KSLZ (107.7 FM "Z107-7") is a Top 40 (CHR) radio station in St. Louis, Missouri, United States. The iHeartMedia (previously Clear Channel Communications) outlet broadcasts at 107.7 MHz with an ERP of 100 kW. Its transmitter is located in Shrewsbury, a suburb of St. Louis, and operates from studios in St. Louis south of Forest Park.

History

1968-1979: Early Years 
107.7 FM debuted on the air in 1968 as KACO, which aired an adult contemporary/Middle of the Road format until a fire took the station off the air in January 1970. Two months later, the station returned to the air and changed call letters to KGRV, "Music for Groovy Adults," offering a more upbeat AC format, which lasted until 1972, when it once again changed call letters to KKSS, "Kiss 108", but retained its AC format. By 1974, KKSS switched formats to country. A year later, KKSS switched formats to an R&B format dubbed "Black in Stereo". In February 1979, KKSS altered its R&B format and adopted the moniker "Studio 108," with a hybrid Disco/R&B format, competing with WZEN (now KATZ-FM).

1979-1997: Urban 
In June 1979, the calls were changed to KMJM, and the station rebranded as "The New Majic 108 FM, The Music Is The Majic!" KMJM Really wanted to cater to both the Black and White audiences as the St. Louis market's first ever "CHUrban" station (a forerunner to the Rhythmic Contemporary format). The station was owned by Keymarket Communications at the time. KMJM would later go on to be among the top 5 stations in the St.
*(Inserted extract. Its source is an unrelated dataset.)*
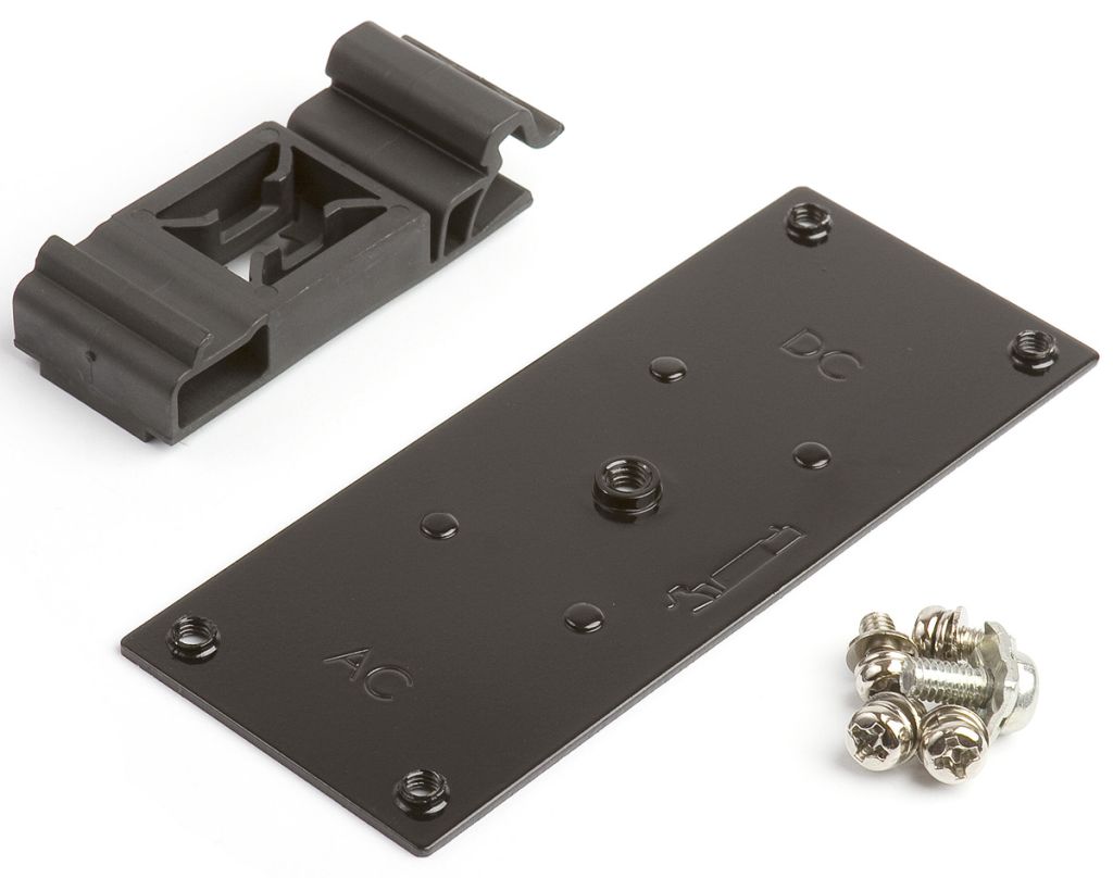 XP Power DIN rail clip kits are an essential accessory for the ECL15 Series. The clips are made from a flame retardant, black nylon and include hardware, screws and a drilling template.

Louis Arbitrons during the 1980s, even as they shifted towards a conventional Urban Contemporary direction. In May 1988, KMJM was sold to Noble Communications of San Diego for $19 million. KMJM's signal was one of the best in the St. Louis area, and at the time, the station emerged as the Top R&B/Urban station in the market.  Jacor bought the station in late 1997, but the new owners were not interested in keeping "Majic" on the frequency despite its longterm success.

1997-present: Top 40 
On October 20, 1997, at Midnight, after 18 years on 107.7 FM, KMJM was moved to recently purchased sister station 104.9 WCBW, which aired a Christian format. After a 12-hour stunt with a looped heartbeat and announcements redirecting KMJM listeners to the new frequency and the launch of a new format on 107.7 later that day, KSLZ and its current Top 40/CHR format, branded as "Z107-7", debuted. The flip was to fill a format hole left by WKBQ, who dropped the format for Modern AC in February of that year. The final song on "Majic" was "Good Girls" by Joe, while the first song on "Z" was "Get Ready For This" by 2 Unlimited. 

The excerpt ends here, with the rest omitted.